Received 7 October 2013; Accepted 13 December 2013; Published 16 January 2014

Academic Editor: Ian Dunham

Copyright © 2014 Carolina Duart-Garcia and Martin H. Braunschweig. This is an open access article distributed under the Creative Commons Attribution License, which permits unrestricted use, distribution, and reproduction in any medium, provided the original work is properly cited.

Abstract

Insulin-like growth factor antisense gene (Igf2as) expression was investigated in different mouse tissues during development, in differentiating C2C12 cells and in a DMR1-U2 knockout mouse model.
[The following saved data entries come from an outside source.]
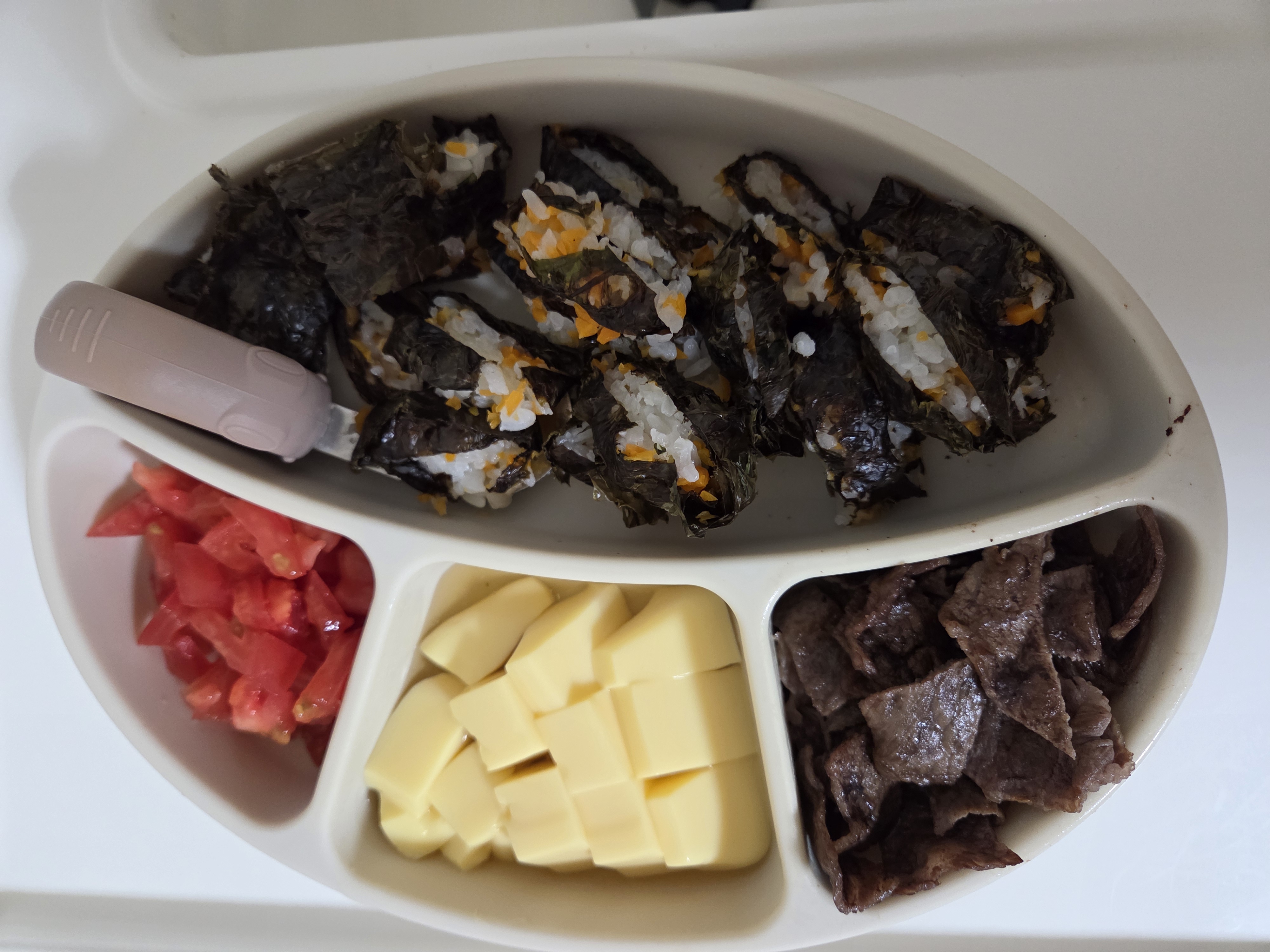 다섯번째 사진은 당근을 아주아주 작게 다지고 푹 익혀서 김밥 속에 넣어봤는데 이것도 안먹어줬다ㅠㅠ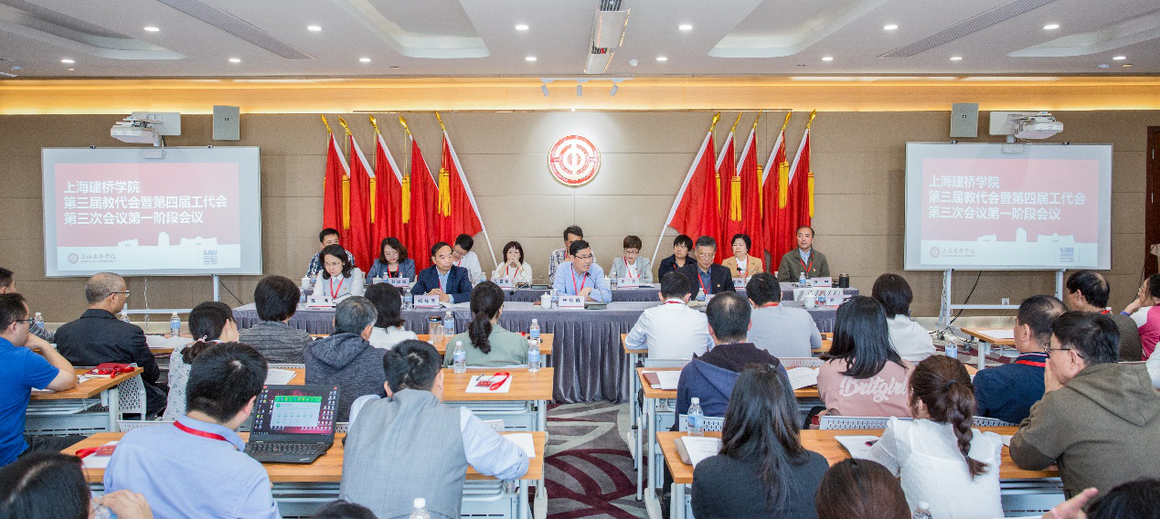 10月31日下午,我校举行第三届教代会暨第四届工代会第三次会议第一阶段会议,审议并通过了《上海建桥学院关于2019年增加工资的实施细则》。校长朱瑞庭,副校长周健儿、郑祥展,校长助理陈伟,正式代表103人、列席代表16人出席会议。副校长、党委副书记、工会主席夏雨主持会议。会上,举手表决通过了《上海建桥学院第三届教代会暨第四届工代会第三次会议第一阶段会议表决办法》,通过了大会工作人员名单;会上还以无记名投票方式高票通过了《上海建桥学院关于2019年增加工资的实施细则》。(夏雨主席宣读大会决议)大会决议指出,本次工资增资幅度较大,惠及所有教职工,大大提升了教职工获得感,调动了教职工积极性,有利于学校新一轮的建设发展。会议号召,全校教职工要继续深入学习贯彻习近平新时代中国特色社会主义思想,围绕学校发展战略,抓住学校发展机遇,发扬主人翁精神,发挥积极性和创造性。不忘初心,牢记使命,立德树人,奋发进取,以最好的成绩和状态迎接本科教学审核评估,高质量完成学校“十三五”发展规划确定的战略目标。朱瑞庭校长向代表们介绍了近期学校本科教学审核评估工作和“不忘初心、牢记使命”主题教育开展情况,并对此次增加工资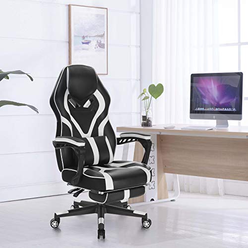 POLTRONA GAMING REGOLABILE: Per adattarsi meglio a persone di differente altezza e peso, la nostra sedia da gioco con poggiapiedi può essere regolata e reclinata a piacimento. L’altezza del sedile è regolabile tra 45-53cm, lo schienale è reclinabile tra 145°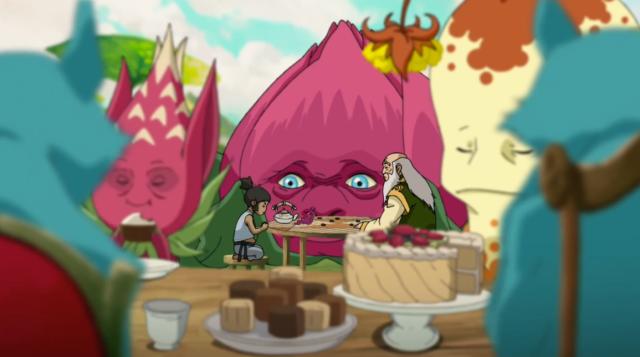 Iroh, who decided he wanted to live his afterlife in the spirit world because of course he did, takes Baby Korra to a spirit tea party, because of course he does. He serves her spirit cakes and spirit tea and explains to her that, if she wants to find Jinora, it might be a good idea to first help the phoenix spirit she injured find its home, because … spirit logic, I guess.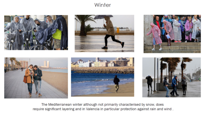 For an understanding of how the people and architecture of Valencia respond to the climate, we conducted a desk study starting with images of people reacting to Valencian summers and winters.
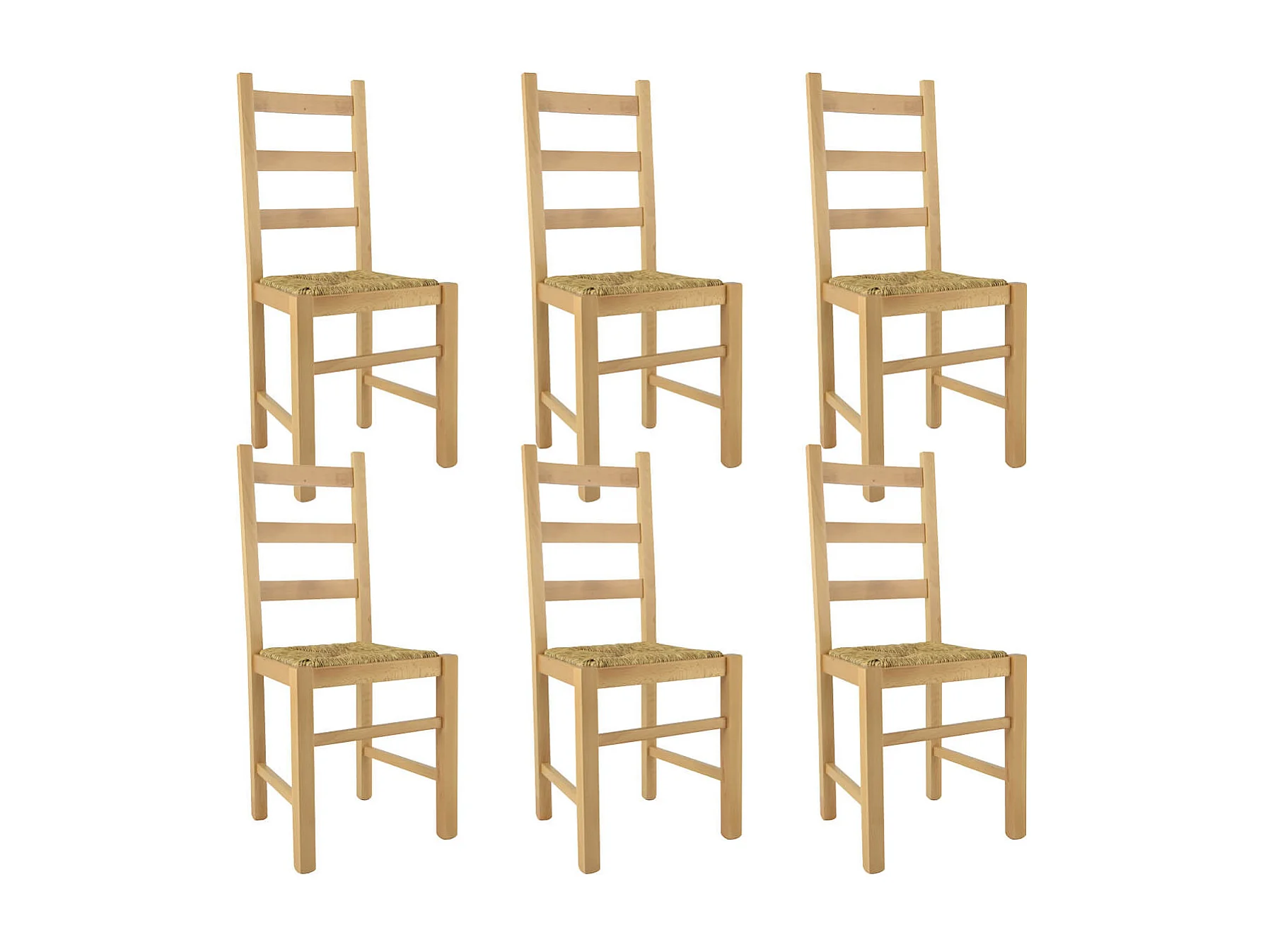 ORTA - Lot de 6 Chaises Naturelles et Assises en Paille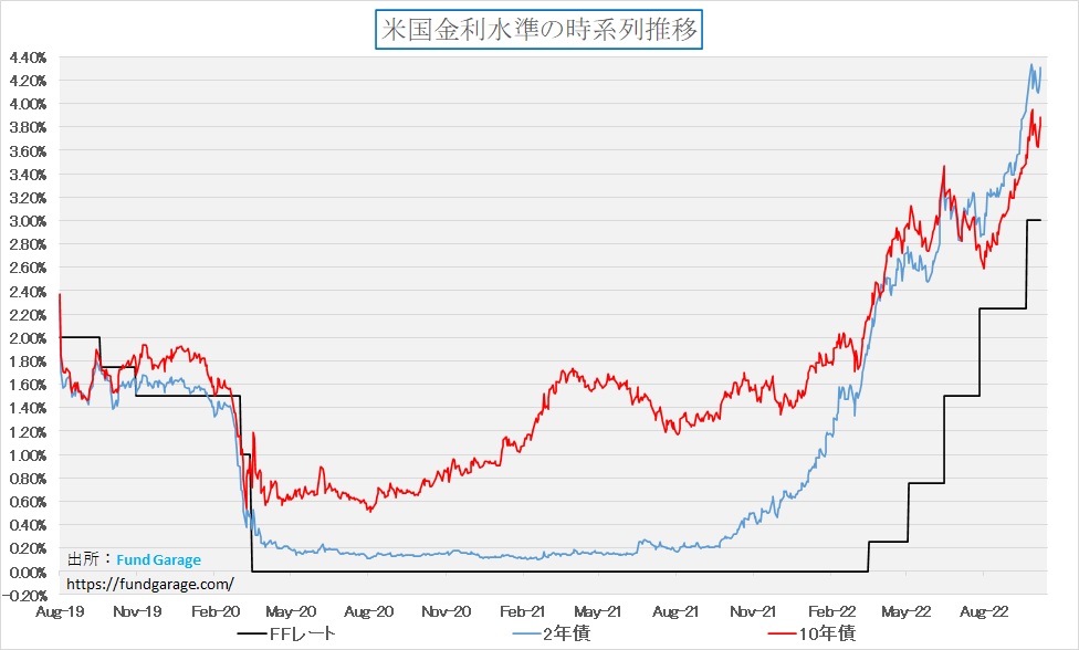 ただこれを受けた金利の動きだが、分かり易いように2年債と10年債だけを抽出したが、最も政策金利の動きを反映すると言われる2年債でも前回9月26日の高値は抜いておらず、10年債金利の方は同じく9月27日の高値をまだ抜いていない。前者が4.31%(26日は4.34%)、後者が3.88%(27日は3.95%)で週末を終えた。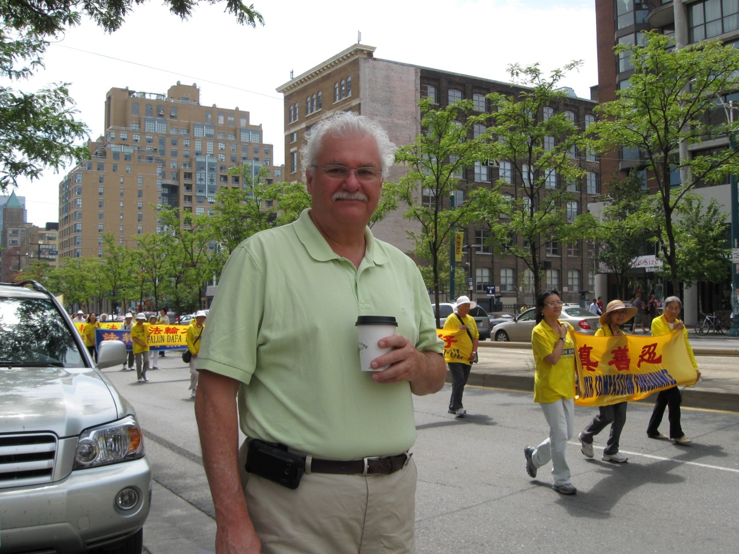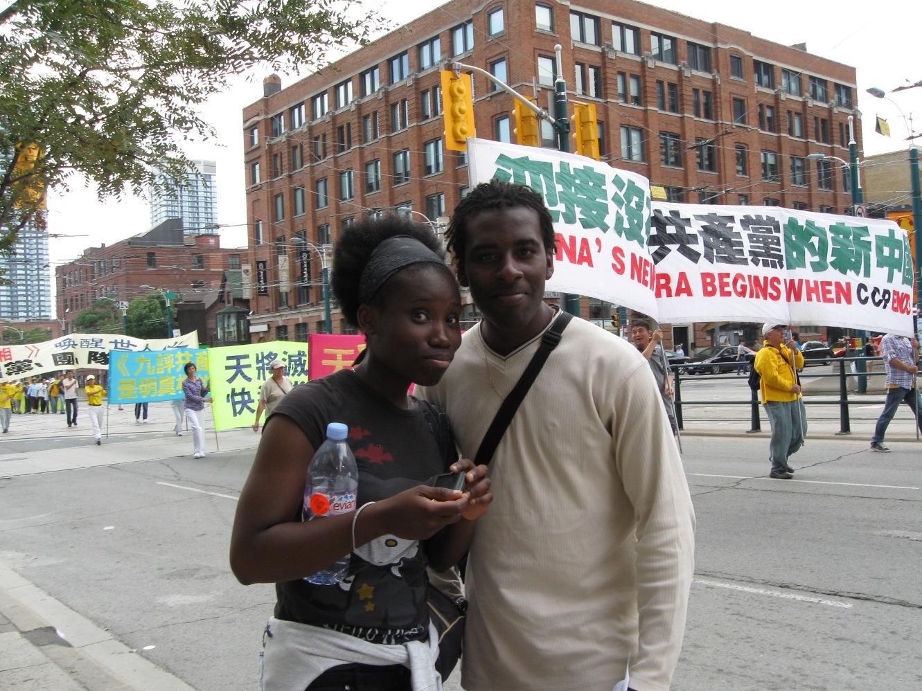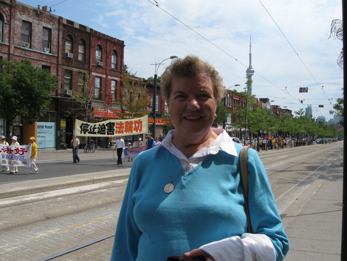 观众伊丽莎白(Elizabeth)在对着游行队伍拍照,她说:“这个游行很庞大,表达着这些中国人的呼声,这种呼声是应该得到重视的,象今天这种呼声在中国国内是不可能听到的。我作为一个加拿大人,我应该和全世界的人一起来帮助他们,让全世界的人都能听到他们的心声,并制止在中国的所有迫害。”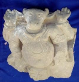 | Description / विवरण | Architectural fragment depicting a four handed seated male figure who has bull head. His upper two hands are raised upward and lower right hand rests on thigh. His left lower palm and legs are chopped off only toes of left leg is visible. He is adorned with jewels. |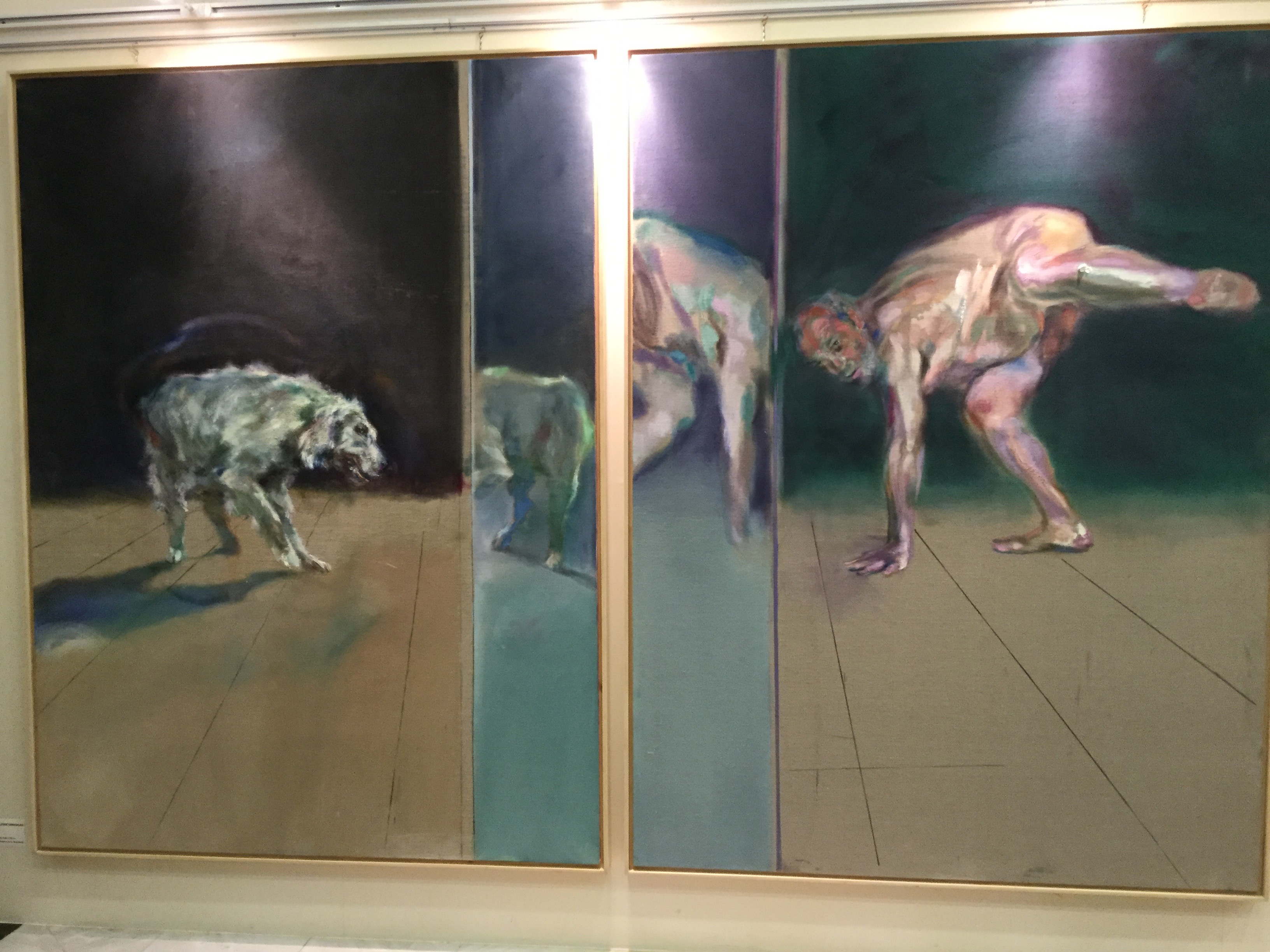 Δίπτυχο αυτοπορτρέτων του Αλέξη Βερούκα και του σκύλου, με πολλές επιρροές και από τον Francis Bacon.

The expression levels of Igf2as were high in fetal and newborn liver and muscle tissues compared to adults. The Igf2as gene was also expressed in placenta and in brain. The expression data suggests that the Igf2as gene plays a role in early development of the mouse and in placenta. There was no consistent evidence for an interaction between Igf2 and Igf2as transcripts. Furthermore, in knockout placentas lacking Igf2as transcription, Igf2 expression was comparable to that in wild type. These results indicate that Igf2as does not regulate Igf2 sense transcripts. In previous studies, it was suggested that the DMR1-U2 knockout mouse showing intrauterine growth restriction was caused by the absence of placenta-specific Igf2 P0 transcription. We conclude that the DMR1-U2 deletion phenotype should be reconsidered in the light of a functional Igf2as gene.